Recently i came across online vpn- vpnaccount.org. I thought of trying it at my office. I created a VPN account and connected successfully for the first time but after minutes it got disconnected. When i tried reconnecting, it gave an error - 

"registering your computer on the network. Error 720: A connection to the remote computer could not be established. You might need to change the network settings for this connection"

At random times, it gets connected but mostly it comes up with this error. Is it always like this with free online VPN's or is it due to some problem at my end.? I am using Windows 7 SP1 32 bit. Our office has fortiguard firewall as web filter


----------



## rakesh-the gilli (Apr 8, 2014)

Bump... Anyone has any idea. Has anyone used a VPN service and encountered such errors.


----------



## tanmaymohan (Apr 11, 2014)

Either your firewall blocks it or the problem maybe server sided.


----------



## rakesh-the gilli (Apr 11, 2014)

tanmaymohan said:


> Either your firewall blocks it or the problem maybe server sided.

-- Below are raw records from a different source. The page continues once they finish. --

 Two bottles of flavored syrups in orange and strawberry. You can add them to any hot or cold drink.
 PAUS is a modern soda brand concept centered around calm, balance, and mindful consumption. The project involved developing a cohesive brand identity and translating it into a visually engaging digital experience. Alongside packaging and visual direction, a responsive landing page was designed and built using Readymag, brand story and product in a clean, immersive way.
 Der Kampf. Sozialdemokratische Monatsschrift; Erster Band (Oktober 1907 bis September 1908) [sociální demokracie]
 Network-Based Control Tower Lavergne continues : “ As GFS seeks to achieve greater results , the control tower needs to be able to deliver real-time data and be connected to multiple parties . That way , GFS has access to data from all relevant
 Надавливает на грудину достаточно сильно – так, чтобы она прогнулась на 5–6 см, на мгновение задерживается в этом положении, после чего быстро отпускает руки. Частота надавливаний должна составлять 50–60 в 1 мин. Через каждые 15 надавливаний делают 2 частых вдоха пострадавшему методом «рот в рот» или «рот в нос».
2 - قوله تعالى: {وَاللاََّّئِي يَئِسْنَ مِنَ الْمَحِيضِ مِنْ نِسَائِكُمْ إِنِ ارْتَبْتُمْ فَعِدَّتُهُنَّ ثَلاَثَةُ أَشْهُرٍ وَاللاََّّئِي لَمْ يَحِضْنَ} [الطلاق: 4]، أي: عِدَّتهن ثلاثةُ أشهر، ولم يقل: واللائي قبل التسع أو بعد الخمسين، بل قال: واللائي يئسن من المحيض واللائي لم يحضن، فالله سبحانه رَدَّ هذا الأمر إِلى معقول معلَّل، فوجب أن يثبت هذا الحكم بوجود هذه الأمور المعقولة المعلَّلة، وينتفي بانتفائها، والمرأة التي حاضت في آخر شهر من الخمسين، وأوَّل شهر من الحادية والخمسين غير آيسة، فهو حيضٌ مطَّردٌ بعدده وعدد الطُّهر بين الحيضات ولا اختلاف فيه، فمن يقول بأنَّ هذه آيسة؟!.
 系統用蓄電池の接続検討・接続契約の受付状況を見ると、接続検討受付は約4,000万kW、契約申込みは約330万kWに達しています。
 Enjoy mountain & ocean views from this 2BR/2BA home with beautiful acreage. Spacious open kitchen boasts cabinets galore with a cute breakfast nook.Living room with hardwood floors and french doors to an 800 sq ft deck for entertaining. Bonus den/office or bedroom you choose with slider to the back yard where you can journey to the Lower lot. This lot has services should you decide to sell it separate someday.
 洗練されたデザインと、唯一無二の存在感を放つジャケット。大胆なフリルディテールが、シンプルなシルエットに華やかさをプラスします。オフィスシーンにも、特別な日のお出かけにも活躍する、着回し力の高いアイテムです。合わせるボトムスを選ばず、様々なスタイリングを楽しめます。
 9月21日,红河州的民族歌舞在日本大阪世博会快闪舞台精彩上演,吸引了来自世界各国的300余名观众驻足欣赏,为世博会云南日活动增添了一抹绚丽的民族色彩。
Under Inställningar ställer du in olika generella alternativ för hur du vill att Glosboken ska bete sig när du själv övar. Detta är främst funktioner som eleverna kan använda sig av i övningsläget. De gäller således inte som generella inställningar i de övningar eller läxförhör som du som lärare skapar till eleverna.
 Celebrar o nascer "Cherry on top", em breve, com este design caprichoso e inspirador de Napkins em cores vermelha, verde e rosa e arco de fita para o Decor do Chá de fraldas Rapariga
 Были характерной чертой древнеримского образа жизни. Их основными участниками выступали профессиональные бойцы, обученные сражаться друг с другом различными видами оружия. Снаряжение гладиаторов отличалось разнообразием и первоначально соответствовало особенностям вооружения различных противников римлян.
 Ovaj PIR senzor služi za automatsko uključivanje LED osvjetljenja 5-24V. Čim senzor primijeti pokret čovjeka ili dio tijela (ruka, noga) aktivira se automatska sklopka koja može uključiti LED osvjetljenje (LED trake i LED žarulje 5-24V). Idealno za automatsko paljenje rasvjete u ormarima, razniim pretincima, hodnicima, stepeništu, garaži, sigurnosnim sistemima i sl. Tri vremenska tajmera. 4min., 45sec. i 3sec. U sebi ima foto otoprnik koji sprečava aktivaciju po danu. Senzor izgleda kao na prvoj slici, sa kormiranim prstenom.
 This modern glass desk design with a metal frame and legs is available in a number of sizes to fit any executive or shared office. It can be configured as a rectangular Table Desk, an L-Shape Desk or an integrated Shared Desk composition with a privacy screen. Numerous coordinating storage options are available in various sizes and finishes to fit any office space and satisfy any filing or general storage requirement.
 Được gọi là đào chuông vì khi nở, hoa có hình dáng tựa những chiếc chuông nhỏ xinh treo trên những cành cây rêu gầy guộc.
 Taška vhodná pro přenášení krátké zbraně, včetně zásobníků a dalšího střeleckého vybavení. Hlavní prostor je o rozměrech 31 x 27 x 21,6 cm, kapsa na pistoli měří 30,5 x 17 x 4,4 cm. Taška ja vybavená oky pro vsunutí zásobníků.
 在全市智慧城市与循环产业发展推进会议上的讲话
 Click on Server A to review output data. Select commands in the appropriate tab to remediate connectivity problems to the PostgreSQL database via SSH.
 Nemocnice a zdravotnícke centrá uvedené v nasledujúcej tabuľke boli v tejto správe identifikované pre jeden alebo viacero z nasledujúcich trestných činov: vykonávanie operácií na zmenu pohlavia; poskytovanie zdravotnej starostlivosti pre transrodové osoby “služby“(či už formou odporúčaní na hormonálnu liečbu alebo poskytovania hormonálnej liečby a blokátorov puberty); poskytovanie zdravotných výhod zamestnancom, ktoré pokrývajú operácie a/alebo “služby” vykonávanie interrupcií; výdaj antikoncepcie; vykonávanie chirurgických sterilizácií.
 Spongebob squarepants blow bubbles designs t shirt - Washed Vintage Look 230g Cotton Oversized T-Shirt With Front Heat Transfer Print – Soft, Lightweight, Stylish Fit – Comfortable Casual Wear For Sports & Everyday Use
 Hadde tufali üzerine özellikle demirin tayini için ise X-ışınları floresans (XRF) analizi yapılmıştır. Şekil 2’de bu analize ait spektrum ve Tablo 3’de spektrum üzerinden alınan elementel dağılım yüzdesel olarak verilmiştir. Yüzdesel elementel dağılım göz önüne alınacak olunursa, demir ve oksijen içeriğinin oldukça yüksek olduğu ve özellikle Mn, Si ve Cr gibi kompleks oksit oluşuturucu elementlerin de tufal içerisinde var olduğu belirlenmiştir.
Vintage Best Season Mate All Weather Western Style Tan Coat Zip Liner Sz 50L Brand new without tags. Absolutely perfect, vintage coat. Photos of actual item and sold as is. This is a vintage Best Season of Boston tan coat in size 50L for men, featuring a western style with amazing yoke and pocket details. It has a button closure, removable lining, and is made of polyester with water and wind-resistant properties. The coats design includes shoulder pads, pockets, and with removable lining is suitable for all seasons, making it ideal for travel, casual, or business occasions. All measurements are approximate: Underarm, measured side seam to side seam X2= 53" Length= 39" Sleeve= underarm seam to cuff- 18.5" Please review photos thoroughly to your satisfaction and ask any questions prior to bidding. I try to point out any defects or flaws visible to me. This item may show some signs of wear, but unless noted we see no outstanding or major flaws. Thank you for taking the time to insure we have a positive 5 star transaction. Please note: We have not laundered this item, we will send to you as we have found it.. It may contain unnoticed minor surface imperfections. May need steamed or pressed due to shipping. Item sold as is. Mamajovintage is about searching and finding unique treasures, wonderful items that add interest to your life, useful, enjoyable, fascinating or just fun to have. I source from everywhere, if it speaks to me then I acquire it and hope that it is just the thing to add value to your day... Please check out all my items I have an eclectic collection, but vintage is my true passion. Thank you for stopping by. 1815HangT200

How can i check whether it is blocked by the network firewall.? I am having admin rights for the system i am using.


----------



## anirbandd (Apr 11, 2014)

Give Tor a try. 

Read this: 
ISP vs VPN vs Tor | manurevah

and if you are not allowed to install software on your PC at work, there is a portable version of Tor. Its a zip file, which you can extract and run. 

- - - Updated - - -

oh.. you have admin rights... that makes it simpler.


----------



## rakesh-the gilli (Apr 15, 2014)

anirbandd said:


> Give Tor a try.
> Read this:
> ISP vs VPN vs Tor | manurevah
> - - - Updated - - -



Sorry it took time to getback. I tried Tor. It didnt work. I read more about Tor and tried using bridges that i manually obtained after mailing them. Even i downloaded "tor 3.6.1 beta" which has custom bridges included. Even this didn't work. It finally said Tor failed with "Establishing an encrypted connection failed" message. But Tor worked in my personal laptop which i tested using airtel dongle. I guess this is because, Tor or even VPN may be blocked by the firewall. Is it so.?


----------



## anirbandd (Apr 15, 2014)

even i cant give you more detailed insights, because of my limited knowledge in this field. 

you can see your firewall settings for any application rules.


----------



## rakesh-the gilli (Apr 15, 2014)

anirbandd said:


> you can see your firewall settings for any application rules.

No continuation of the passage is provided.